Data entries
[Start of Attachment]
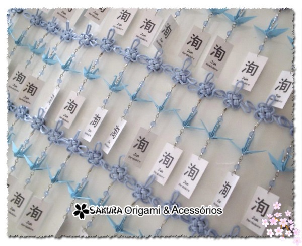Imãs de Tsuru com Nó Chinês e Móbiles de Tsuru e embalagem foram as lembrancinhas!
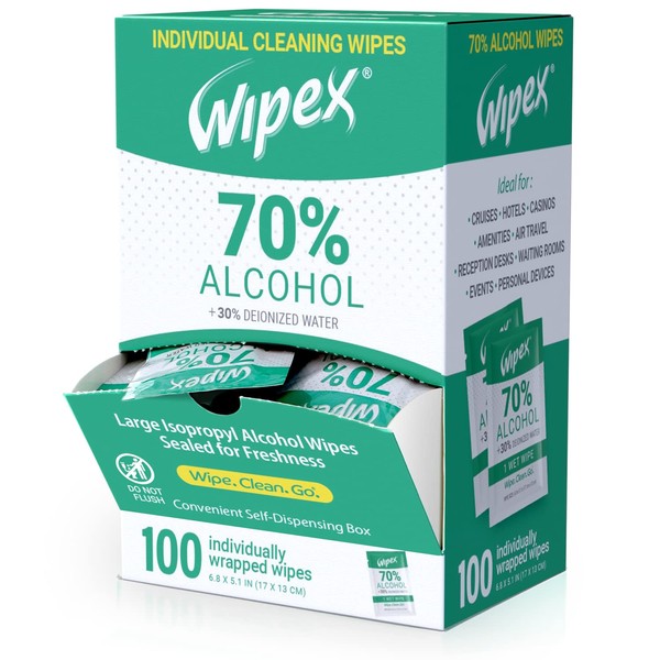 Wipex 70% Isopropyl Alcohol Wipes Individually Wrapped Sachets, Large Electronic wipes in Dispensing Box, Alcohol Prep Wipes, Screen Wipes for Electronics & Gadgets, Towelette Tech Wipes for Sanitizing, Travel Size, 100 Count (Pack of 1)
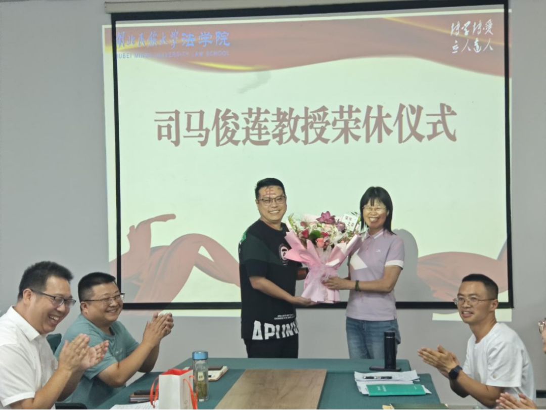 7月3日,法学院在学院会议室举行司马俊莲教授荣休仪式。荣休仪式由党总支书记张明波主持,法学院全体教师出席。
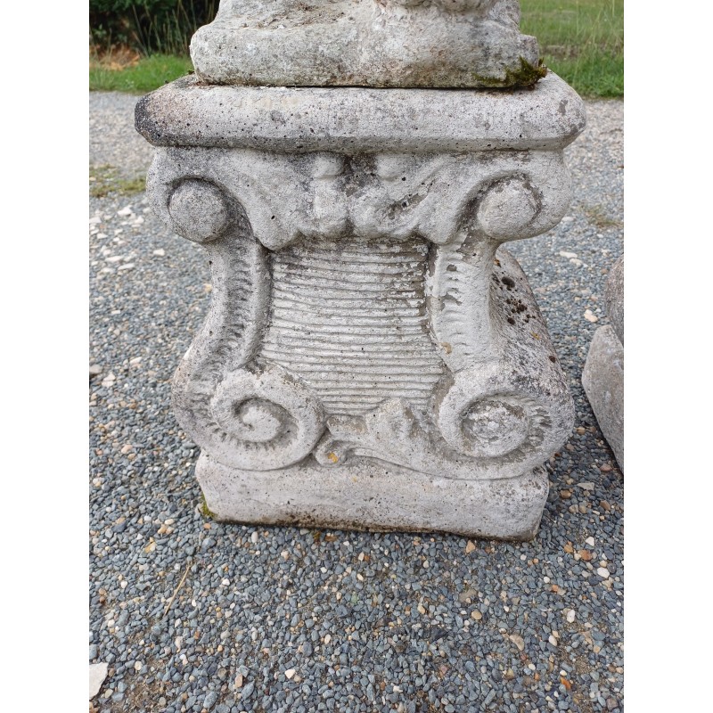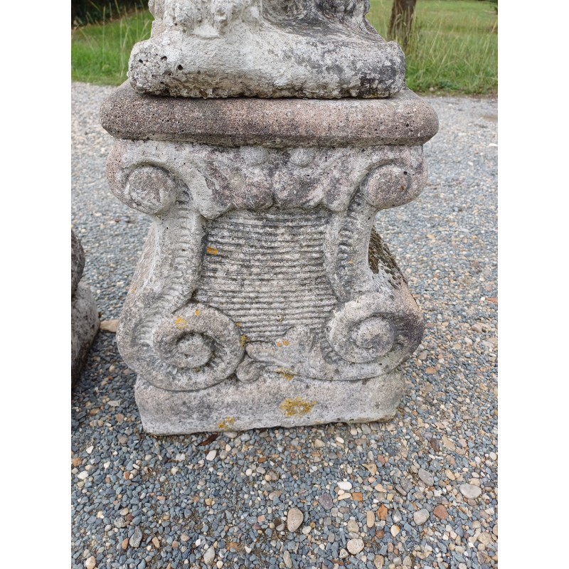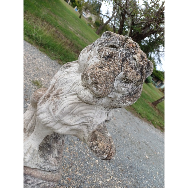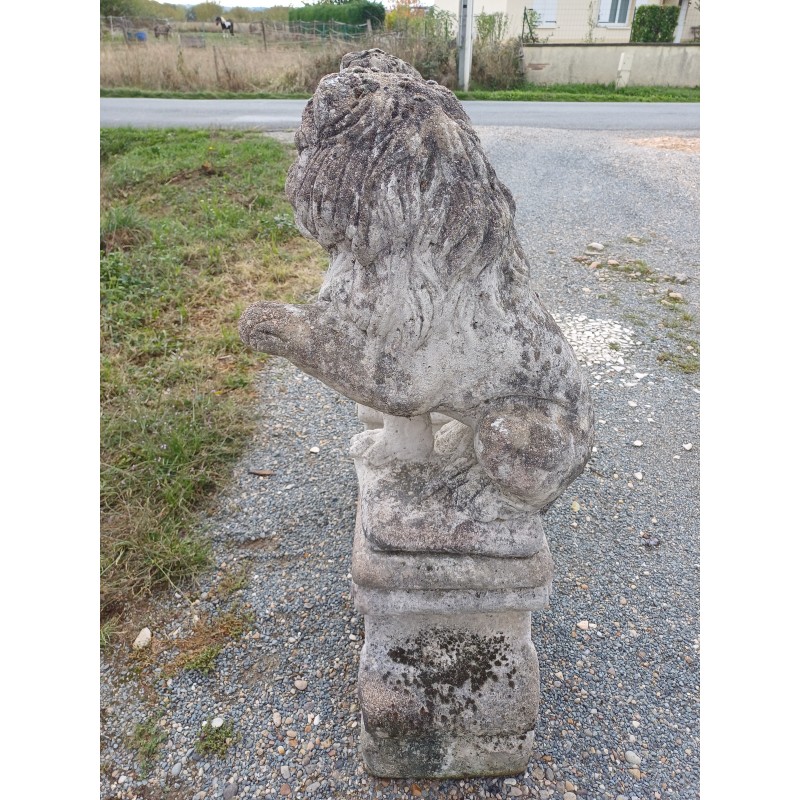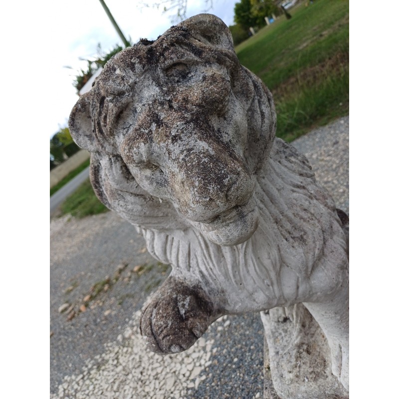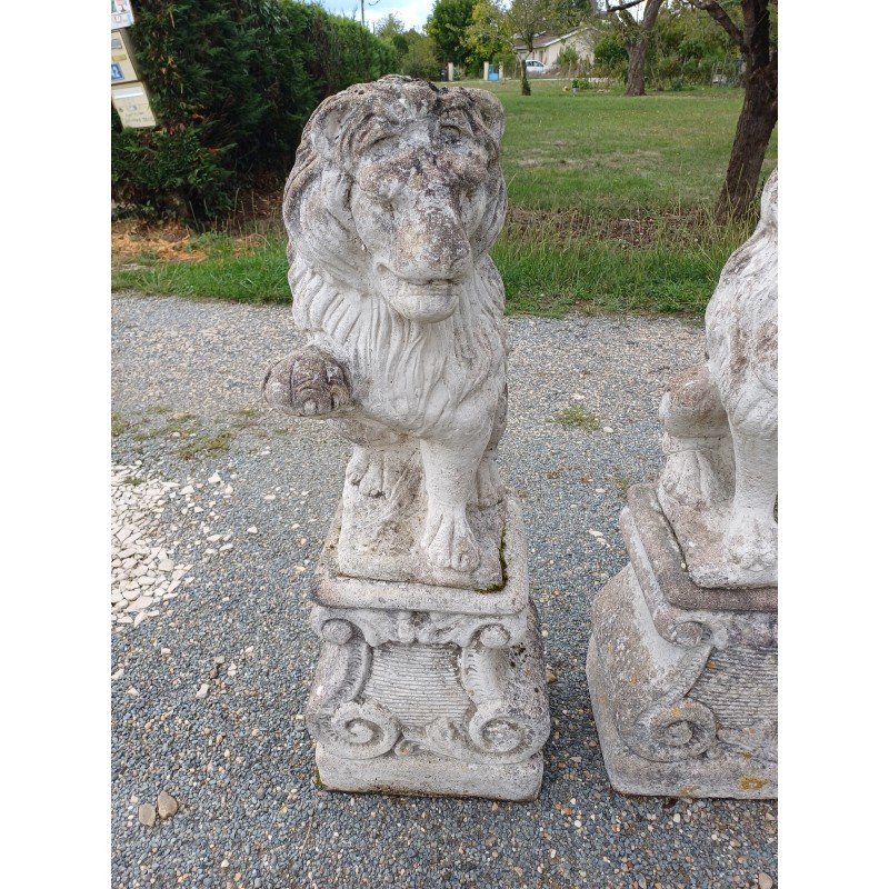 Paire de Lions en Pierre des Années 60 , poser sur Socle , Haut Totale : 103 cm , Haut Socle : 44 cm , Haut Lions : 58 cm , poids Total : 100 Kg , trés bon ètat
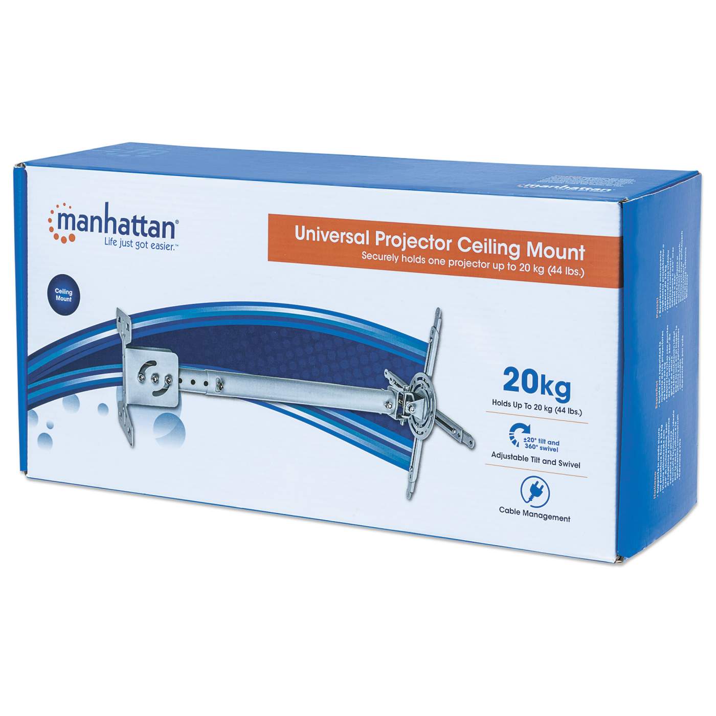 Instale fácilmente un proyector y manténgalo la posición ideal. Los Montajes Universales en Techo para Proyector MANHATTAN mantienen los proyectores estables y con la inclinación exacta, ajustes giratorios de 360° y de altura que mantienen imágenes claras y definidas. Construidos con material de aluminio de alta calidad, los Montajes Universales en Techo para Proyector MANHATTAN se ajustan a una amplia gama de modelos con una instalación superior segura, confiable y equilibrada. Los administradores de cable cubren las conexiones para dar un terminado con aspecto profesional. Es ideal para el cine en casa, el auditorio, la oficina, la ventas al por menor, la sala de clase, las video conferencias y otros usos comerciales, los Montajes Universales en Techo para Proyector MANHATTAN mantienen la atención enfocada en lo que más importa.
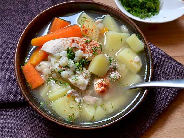 Для приготовления супа с пшеном я использовала куриный бульон, вы можете сделать его на любом мясном или овощном. Можно воспользоваться рецептом вкусного говяжьего бульона.
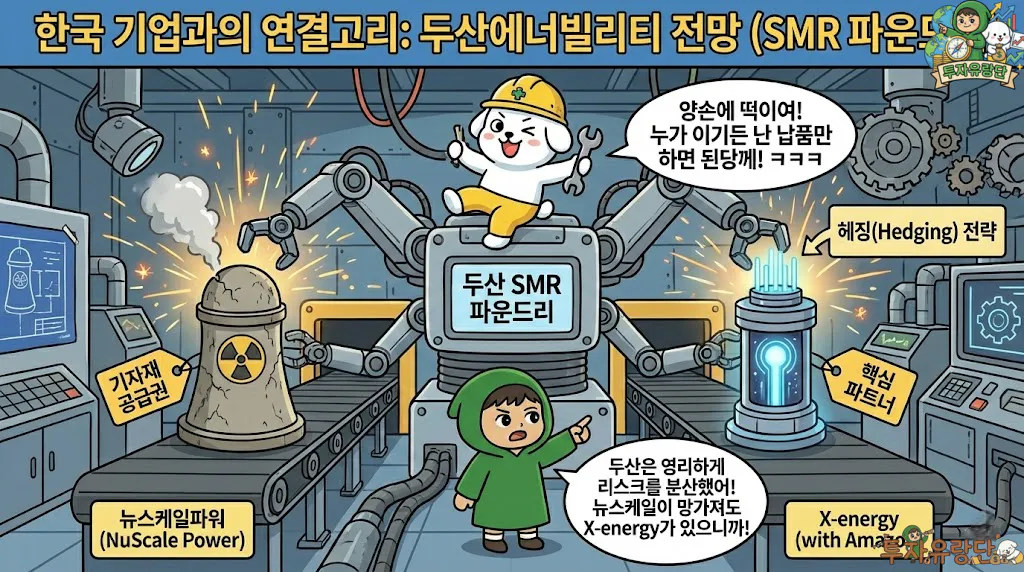 결론: 뉴스케일이 망가져도 두산에너빌리티 전망은 X-energy를 통해 살아남습니다. 두산은 SMR 시장의 ‘파운드리(위탁생산)’로서, 누가 이기든 기자재만 납품하면 됩니다. 따라서 두산의 존재가 뉴스케일파워 주가 방어의 보증수표가 될 수는 없습니다.
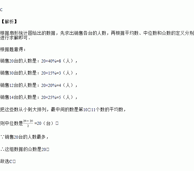 某电脑公司销售部为了定制下个月的销售计划,对20位销售人员本月的销售量(单位:台)进行了统计,绘制成如图所示的统计图,则这20位销售人员本月销售量的中位数、众数分别是( )
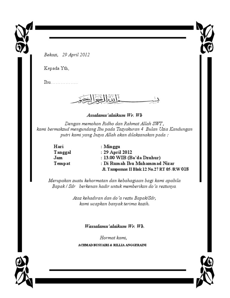 Contoh surat undangan syukuran 4 bulanan posted on oktober 23 2014 by bodytypesc97jxf. Contoh undangan syukuran 4 bulanan kehamilan hukum syukuran 7 bulan kehamilan boleh atau tidak. Perlu diingat dalam pembuatan surat undangan harus lengkap supaya pihak yang diundang paham dan merasa penting untuk hadiri.
[End of Attachment]
Exercise directions
Print the data above exactly, from its first line to the line bearing "Paire de Lions" inclusive, and keep pictures out of the result.

Answer section
Imãs de Tsuru com Nó Chinês e Móbiles de Tsuru e embalagem foram as lembrancinhas!
 Wipex 70% Isopropyl Alcohol Wipes Individually Wrapped Sachets, Large Electronic wipes in Dispensing Box, Alcohol Prep Wipes, Screen Wipes for Electronics & Gadgets, Towelette Tech Wipes for Sanitizing, Travel Size, 100 Count (Pack of 1)
 7月3日,法学院在学院会议室举行司马俊莲教授荣休仪式。荣休仪式由党总支书记张明波主持,法学院全体教师出席。
 Paire de Lions en Pierre des Années 60 , poser sur Socle , Haut Totale : 103 cm , Haut Socle : 44 cm , Haut Lions : 58 cm , poids Total : 100 Kg , trés bon ètat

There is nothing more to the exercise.